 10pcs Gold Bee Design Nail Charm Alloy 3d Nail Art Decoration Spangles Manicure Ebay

--

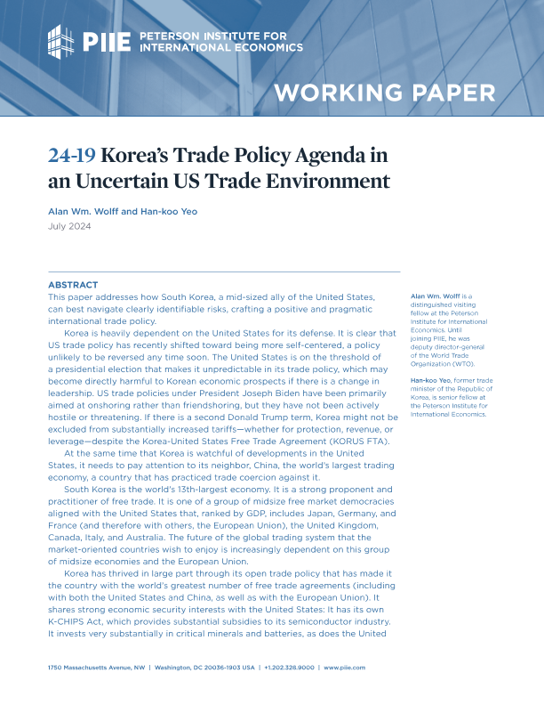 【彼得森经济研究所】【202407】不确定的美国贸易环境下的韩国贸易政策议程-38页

--

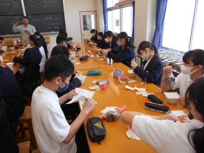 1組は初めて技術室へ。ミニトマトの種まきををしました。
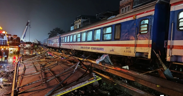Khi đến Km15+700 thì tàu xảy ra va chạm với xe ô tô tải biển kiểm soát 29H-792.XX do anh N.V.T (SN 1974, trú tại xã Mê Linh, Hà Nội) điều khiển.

PROBLEM REQUIREMENTS =
Could you transcribe exactly the entries above, but only the lines from the one with "1組は初めて技術室へ。ミニトマトの種まきををしました。" through the one with "Khi đến Km15+700", and without pictures?

REPLY TO THE TASK =
 1組は初めて技術室へ。ミニトマトの種まきををしました。
Khi đến Km15+700 thì tàu xảy ra va chạm với xe ô tô tải biển kiểm soát 29H-792.XX do anh N.V.T (SN 1974, trú tại xã Mê Linh, Hà Nội) điều khiển.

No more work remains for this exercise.